__TASK TO COMPLETE__. Every record below must be retyped exactly, with the pictures left out.

__MATERIALS PROVIDED__.
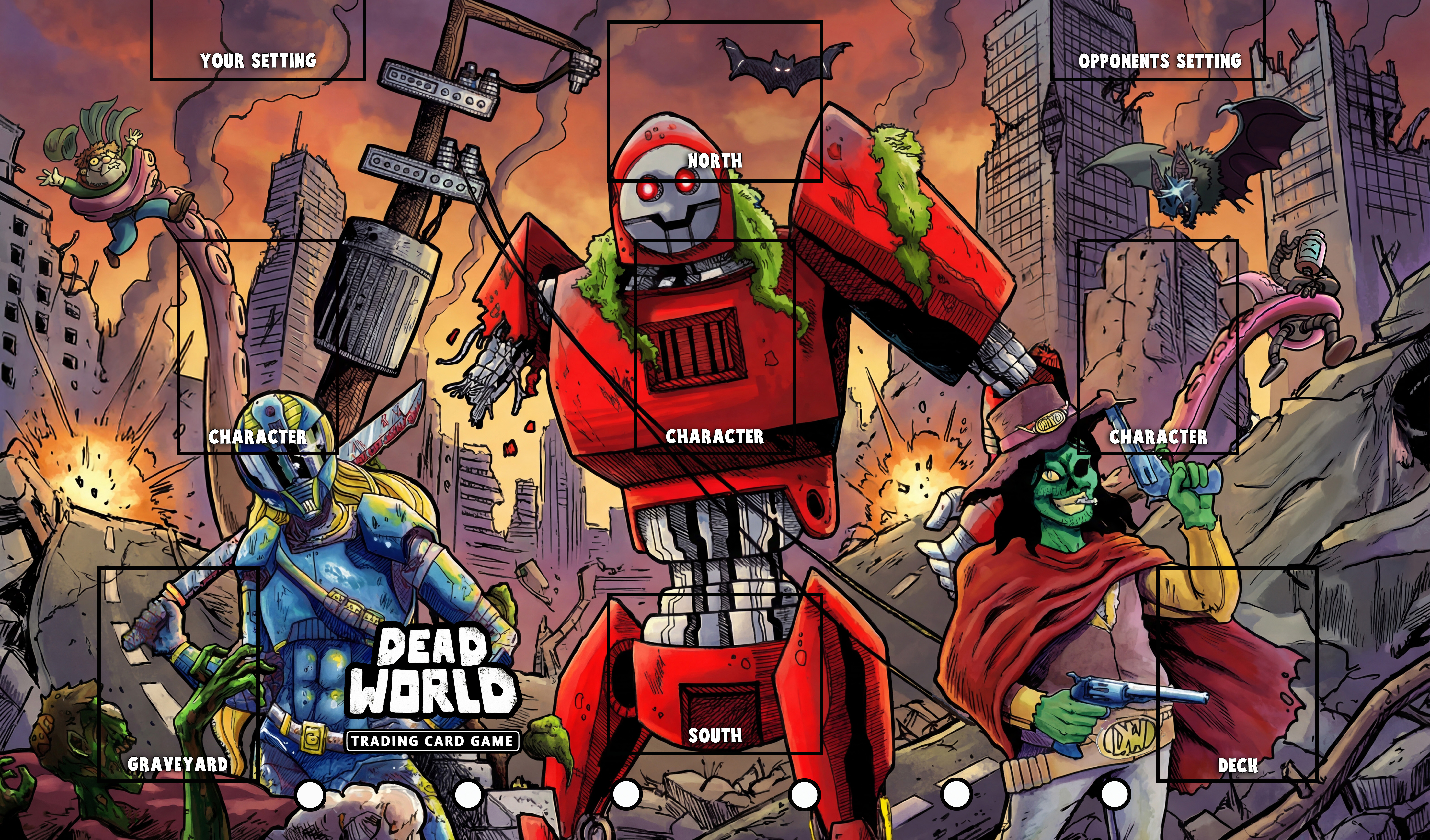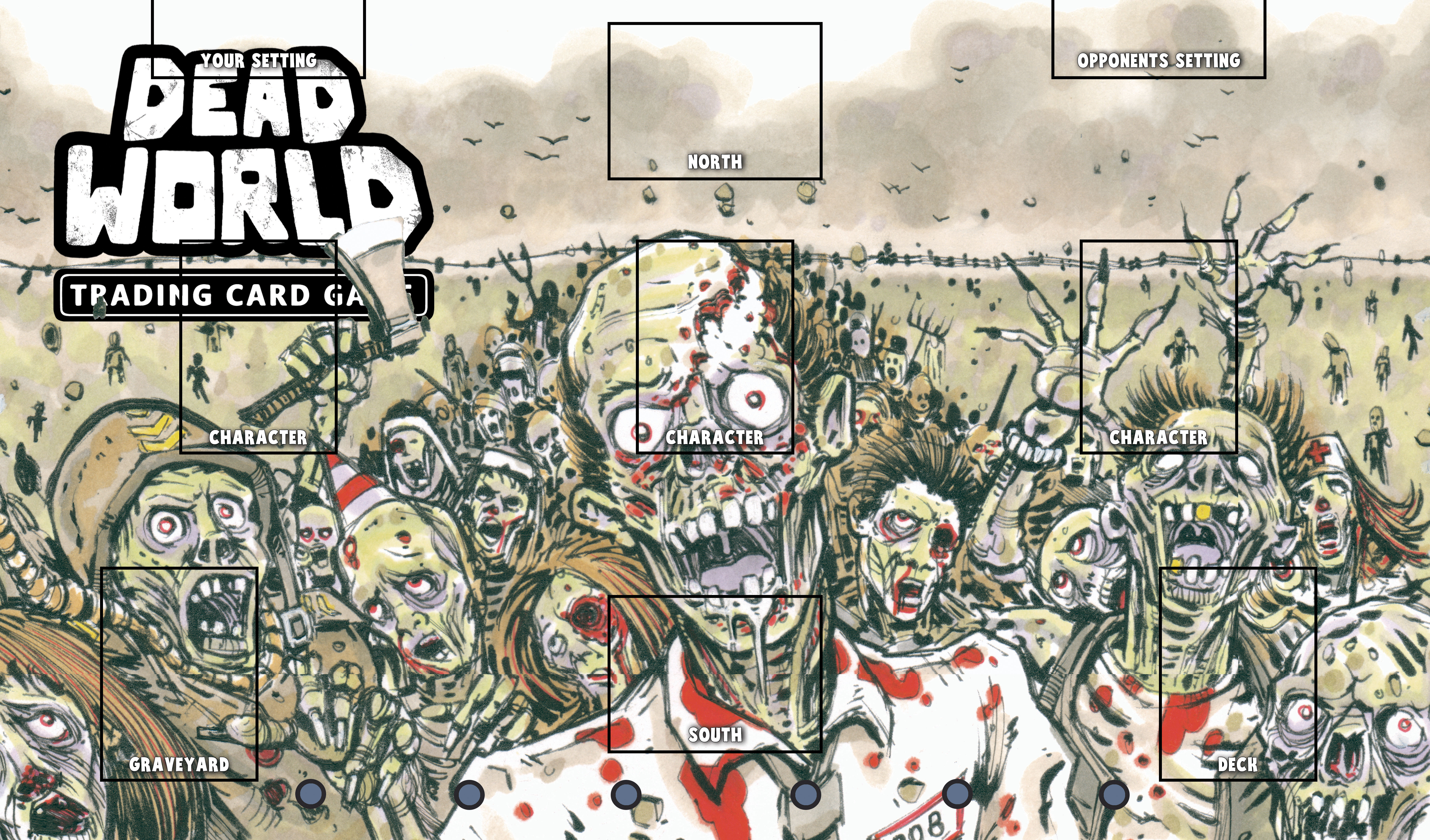 The Deck spot is where you place your main 30-card deck, and the Graveyard is where eliminated or used cards and items go, unless noted otherwise.
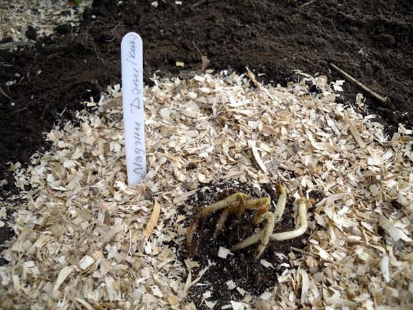 - Remplissez le récipient au 1/3 de terre, faites une petite dépression et placez-y les rhizomes. Puis recouvrez de terre, mais pas complètement. Ne scellez pas!
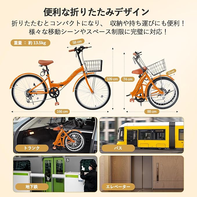 【折り畳み可能・持ち運びに便利】折り畳み自転車は、折り畳み可能なデザインを採用し、わずか30秒で楽に折りたためます。折り畳んだ後はコンパクトになり、玄関や車のトランク、オフィスの隅などに簡単に収納できます。都市部の狭いスペースでの収納問題を解決し、柔軟な移動を実現します。
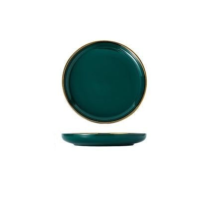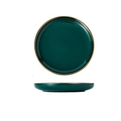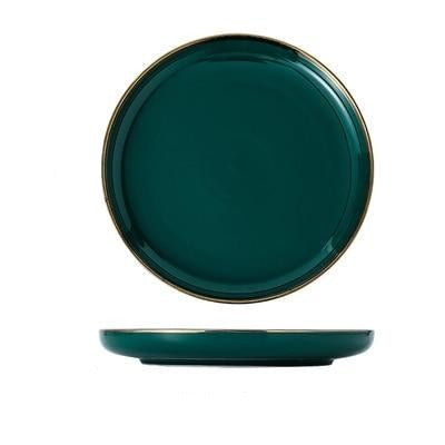 1*Green Ceramic Gold Inlay Plate Steak Food Plate Nordic Style Tableware
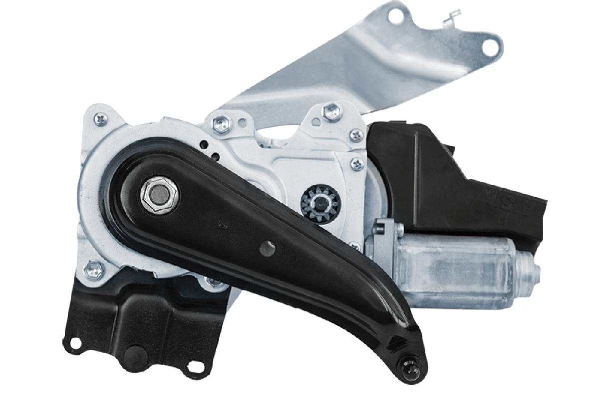 These AISIN actuators are typically found in vehicles with power lift gates or power tailgates, and are responsible for opening and closing the back door at the push of a button. They are connected to the power back door's latch mechanism and use a series of gears to provide the mechanical force required to open and close the door.
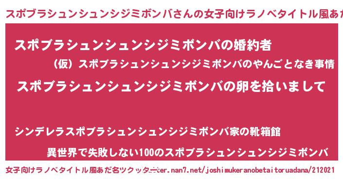 | 男性向けラノベタイトル風あだ名 | 『スポブラシュンシュンシジミボンバの嫁は女の子じゃないと思った?』 |

__RESPONSE TO THIS EXERCISE__.
 The Deck spot is where you place your main 30-card deck, and the Graveyard is where eliminated or used cards and items go, unless noted otherwise.
 - Remplissez le récipient au 1/3 de terre, faites une petite dépression et placez-y les rhizomes. Puis recouvrez de terre, mais pas complètement. Ne scellez pas!
 【折り畳み可能・持ち運びに便利】折り畳み自転車は、折り畳み可能なデザインを採用し、わずか30秒で楽に折りたためます。折り畳んだ後はコンパクトになり、玄関や車のトランク、オフィスの隅などに簡単に収納できます。都市部の狭いスペースでの収納問題を解決し、柔軟な移動を実現します。
 1*Green Ceramic Gold Inlay Plate Steak Food Plate Nordic Style Tableware
 These AISIN actuators are typically found in vehicles with power lift gates or power tailgates, and are responsible for opening and closing the back door at the push of a button. They are connected to the power back door's latch mechanism and use a series of gears to provide the mechanical force required to open and close the door.
 | 男性向けラノベタイトル風あだ名 | 『スポブラシュンシュンシジミボンバの嫁は女の子じゃないと思った?』 |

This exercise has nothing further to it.